Look, I’m not complaining. I know it’s a privilege to grow older. I know it’s a privilege to live in a time when science can improve the quality of life if followed well. I know it’s a privilege to have a full head of hair, even if it’s gray and needs to be colored every three weeks to pretend that it’s not.
I guess I just want to acknowledge, from here in the thick of it, that I wish I knew the secret to making it look as seamless as the generation before me did.
Last year, I had the fortune of celebrating my mom’s 75th birthday with her and her friends. While talking to some of them, I had a crazy hot flash—par for the course these days. They smiled at me with a knowing understanding and shared some wisdom from their recollection of those days. Stick your head in the freezer. Wear an ice pack. Make a paper fan. All great advice. And I remember thinking I didn’t recall a single one of them doing that in front of me ever, but their advice was proof that it happened.

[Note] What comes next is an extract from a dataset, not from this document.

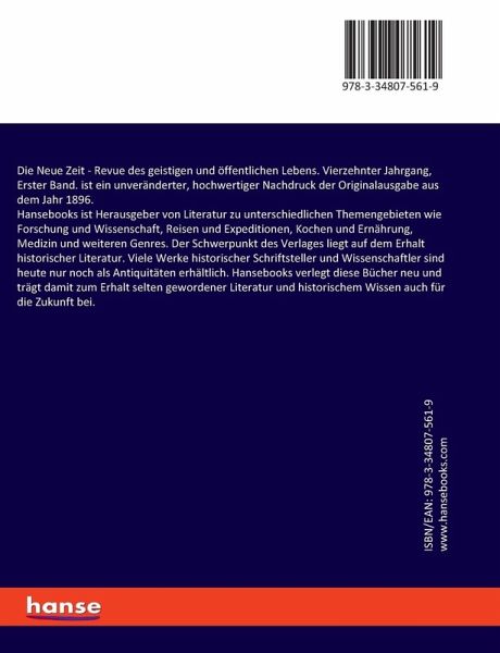 Die Neue Zeit - Revue des geistigen und öffentlichen Lebens. Vierzehnter Jahrgang, Erster Band. ist ein unveränderter, hochwertiger Nachdruck der Originalausgabe aus dem Jahr 1896.Hansebooks ist Herausgeber von Literatur zu unterschiedlichen Themengebieten wie Forschung und Wissenschaft, Reisen und Expeditionen, Kochen und Ernährung, Medizin und weiteren Genres. Der Schwerpunkt des Verlages liegt auf dem Erhalt historischer Literatur. Viele Werke historischer Schriftsteller und Wissenschaftler sind heute nur noch als Antiquitäten erhältlich. Hansebooks verlegt diese Bücher neu und trägt damit zum Erhalt selten gewordener Literatur und historischem Wissen auch für die Zukunft bei.

When I told them how easy they made it all look, they smiled again, and it was clear that whatever my perception was…it was not easy for them either.
I wonder what my boys will remember about me in this stage of life. Watching my husband and me try to figure out how to age gracefully before their eyes.
And maybe that’s the secret—just accepting that this is what is, and knowing that 20 years from now, if I’m lucky, I’ll be sitting with someone in their middle age having a hot flash and sharing my strategies.